"ناظريك" - Translation from Arabic to Turkish

    • önünden
        
    • ayırma
        
    • gözlerinin
        
    • Gözlerini
        
    • yanından
        
    • gözünüzün
        
    • kaybetme
        
    • gözünün önünde
        
    Onu bir an için bile gözünün önünden ayırmamalıydın. Open Subtitles وأنهم أصبحوا قادرين لا تجعلهم يبتعدوا عن ناظريك قال أنه كان ذاهبا للحديقة ليلعب
    Adamım, sadece mektubu alın ve Malcolm'u gözünün önünden ayırma. Open Subtitles يا رجل، فقط اجلب الرسالة ولا تدع مالكوم يذهب عن ناظريك
    Peki. Gözünü onlardan ayırma. Onları kaybetme yeter. Open Subtitles حسناً ، راقبهم و لا تدعهم يغيبوا عن ناظريك فحسب ، هذا كل شيء
    Ta ki sen umutsuz bir şekilde kenarda durup o doyumsuz gözlerinin önünde elindeki her şeyinin suyunu çekişini görene dek. Open Subtitles إلى أن تشاهد وما بيدك حيلة كلّ ما تملكه يتلاشى أمام ناظريك الجشعين
    Al şu kızı ve Gözlerini üzerinden ayırma. Open Subtitles خذها، و مهما حصل لا تدعها تهرب من ناظريك.

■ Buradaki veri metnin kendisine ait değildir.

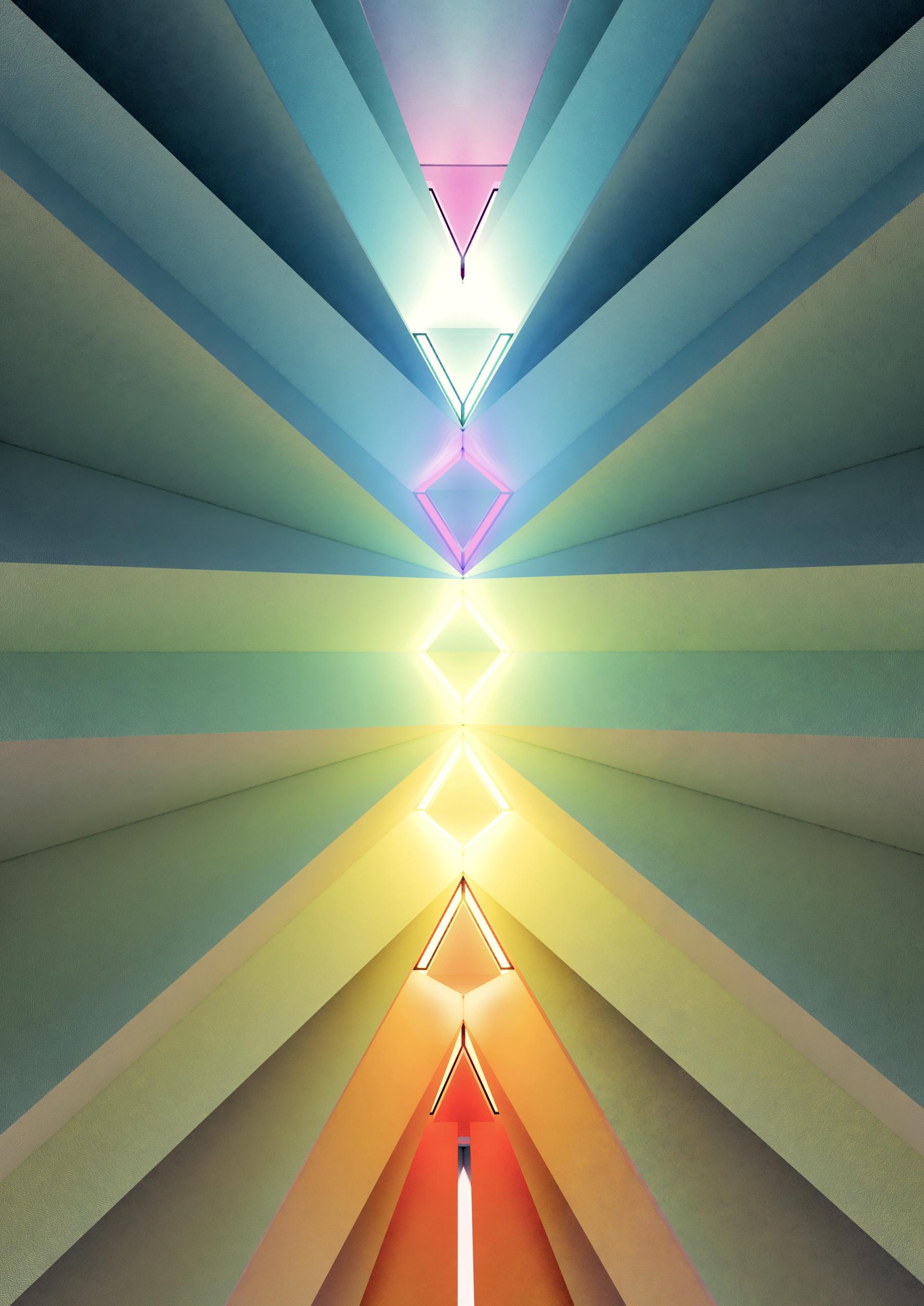 We have designed two paths, one bright and one dark, to reach the ceremony space inside the small auditorium. Different paths into the ceremony space bring two completely different walking experiences, leading to the same destination. The final destination is a mysterious seven color light and shadow space.

    Tatlım, beraberliğimizin dördüncü yılında, ben de yanından 15 dakikalığına uzaklaşsam sen de benim için endişe eder miydin? Open Subtitles نحن مع بعض منذ أربعة سنوات هل ستقلقين علي لو غبت لمدة 15 دقيقة عن ناظريك ؟
    Telefonlar kesiliyor, araçlar bozuluyor, masum insanlar gözünüzün önünde ortadan kayboluveriyor. Open Subtitles الإتصالات متقطّعة , السيارات عاجزة عن السير أناس أبرياء يختفون أمام ناظريك
    Öylece bırakacak mıyız? Çocuğu gözünün önünden ayırmamalıydın Teğmen. Open Subtitles كان يجب ألا تترك الفتى يغيب عن ناظريك أيها الملازم
    Seth, ne yaparsan yap gözünün önünden ayırma. Open Subtitles مهما يمكن ما تفعله, لا تبعده عن ناظريك هل تسمعني؟
    Spinella'yı gözünün önünden ayırma mecbur kalırsan da kapıları kilitle. Open Subtitles لا تدع سبينلا تبتعد عن ناظريك. واقفل الأبواب إذا اضطررت لذلك.

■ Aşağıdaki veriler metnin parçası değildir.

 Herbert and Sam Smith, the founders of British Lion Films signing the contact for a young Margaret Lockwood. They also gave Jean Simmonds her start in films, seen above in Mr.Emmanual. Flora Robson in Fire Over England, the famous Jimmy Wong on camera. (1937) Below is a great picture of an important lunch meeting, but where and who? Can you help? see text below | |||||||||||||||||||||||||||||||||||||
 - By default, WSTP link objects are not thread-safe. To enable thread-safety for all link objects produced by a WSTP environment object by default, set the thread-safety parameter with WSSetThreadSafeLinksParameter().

    Pekâlâ. Onu bizim eve götür ve gözünün önünden ayırma. Open Subtitles حسنٌ، خذه إلى منزلي ولاتدعه يغيب عن ناظريك.
    Pekâlâ. Onu bizim eve götür ve gözünün önünden ayırma. Open Subtitles حسنٌ، خذه إلى منزلي ولاتدعه يغيب عن ناظريك.
    Peki. Gözünü onlardan ayırma. Onları kaybetme yeter. Open Subtitles حسناً ، راقبهم و لا تدعهم يغيبوا عن ناظريك فحسب ، هذا كل شيء
    Ta ki sen umutsuz bir şekilde kenarda durup o doyumsuz gözlerinin önünde elindeki her şeyinin suyunu çekişini görene dek. Open Subtitles إلى أن تشاهد وما بيدك حيلة كلّ ما تملكه يتلاشى أمام ناظريك الجشعين
    Hayatının gözlerinin önünden geçmesi gibi bir şey. Open Subtitles وكأنّ حياتك تُعرض سريعًا أمام ناظريك.
    Ve böylece onların gözlerinin önünde tekrar tekrar ölmesini seyretmiş oluyorsun. Open Subtitles وبأنكتشاهدهميموتون... مرة بعد آخرى أمام ناظريك.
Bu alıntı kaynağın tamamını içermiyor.